Want to be the best CISO you can be? Take a word of advice from Todd Fitzgerald, Global Director of Information Security at Grant Thornton International, who gave a detailed and often entertaining presentation on Friday, the last day of the RSA Conference.
Fitzgerald talked about his own journey to becoming a security professional, the current state of security affairs, and what’s needed going forward. He called his talk “Super CISO 2020: How to Keep Your Job,” and it was especially timely given security's current high profile, and the CISO’s need to stay current.
Fitzgerald drew examples from his own life to show that using technology to improve security has been the way of things for a very long time. He showed an old photograph of his grandfather, who in the early 20th century designed a device to protect safes. His method was simple. Four tubes of glass containing tear gas were cemented inside a safe and would be released if the safe was cracked. “You can still find some of these today, but if you do, call the bomb squad because that tear gas mix has now turned into the consistency of nitroglycerine,” he said.
Why Does a CISO Get Hired?
Turning to the current state of affairs, Fitzgerald sought to put the role of the CISO in perspective. A Ponemon survey he referenced found that 52 percent of CISO’s were hired in response to a security incident or breach, 21 percent due to a regulatory or compliance snafu and eight percent in response to liability or exposure.
“So 80 percent hired a CISO because of some problem at the company. That’s why we’re hired,” said Fitzgerald. “Not because they love us.”
In a similar vein he noted that healthcare CIOs were asked in a survey whether they had a CISO and a slim majority, 51.8 percent, said they did—but 21.4 percent said they didn’t want one. Fitzgerald pointed out that Target, the victim of a major security breach, didn’t have a CISO at the time. “Those are the ones who will end up in the other chart. It’s a very good time to be in security,” he said.
But job security is another matter. The average tenure of the CISO has been estimated to last as little as 2.1 years and Fitzgerald says other studies he’s seen show it to be even shorter.
Fitzgerald joked that one reason for the short tenure is that the CISO often ends up being the “Chief Scapegoat Officer” when something goes wrong. But on a more serious note he emphasized that to be effective, a CISO’s knowledge base has to be very broad, and he or she needs to be current on the latest threats.
Relating to the C-Suite
The role of the CISO and certainly the path to effectiveness has also evolved. “We have to recognize that we have a lot of relationships with people outside our organization,” said Fitzgerald.

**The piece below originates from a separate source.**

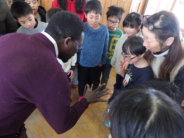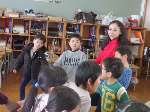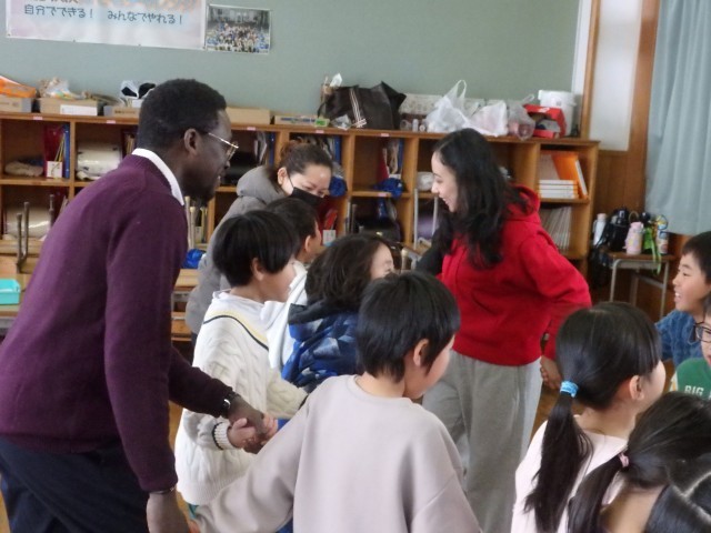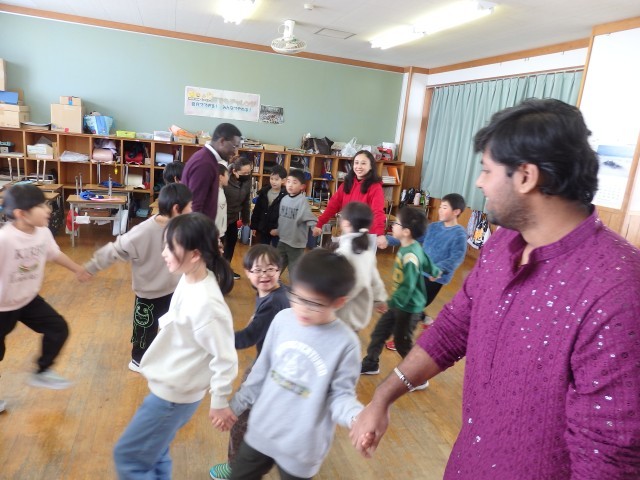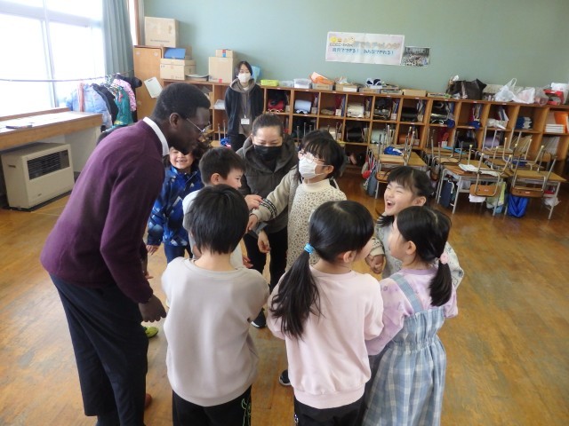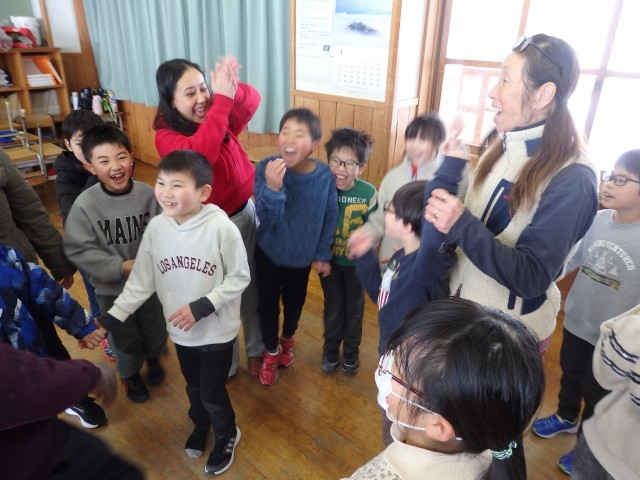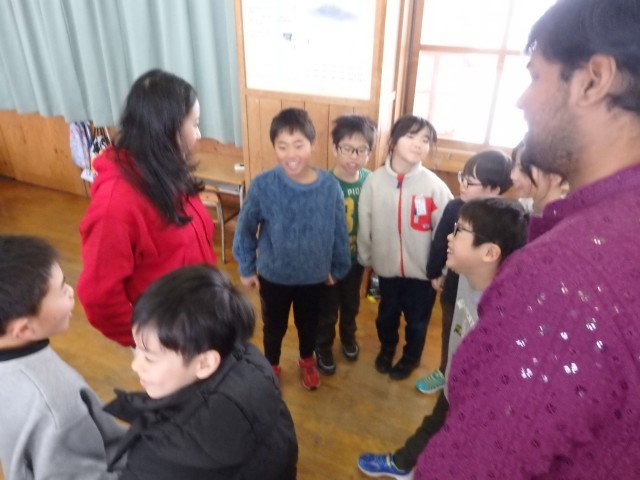 2年生の国際交流会、さいごは「かごめかごめ」です。「あのこがほしい」ジャンケンで勝ったチームは大喜びでした。国際大学生と一緒に遊べて、あっという間の45分間でした。

“Each position is looking for something different, from the CEO, to the CFO and CIO, and we as CISOs also need to work closely with the Privacy Officer,” said Fitzgerald. He also noted that everyone wants to report to the CEO for career advancement, which can be okay, but security pros should be aware that the CEO is typically focused on things like mergers, and the overall environment of the company. “The CEO is the vision guy, he’s not going to care about a lot of details,” said Fitzgerald.
Another important CISO skill is to understand how people work—for example, millennials tend to work very differently than older workers. “By 2020 about half the workforce will be millennials and that’s going to drive a lot of change,” he said. Fitzgerald predicts passwords will be replaced and the mobile phone will play a more central role in end user security as early as 2020.
It’s also important the CISO recognize the inevitable, rather than say everything is too dangerous. For example, Fitzgerald believes Big Data “will lead to big problems” because just like in the old days of the data warehouse, companies are aggregating data that becomes one big target posing a real security risk.
Similarly, he says Bring Your Own Device (BYOD) can be Bring Your Own Disaster for IT departments “but we have to support it.”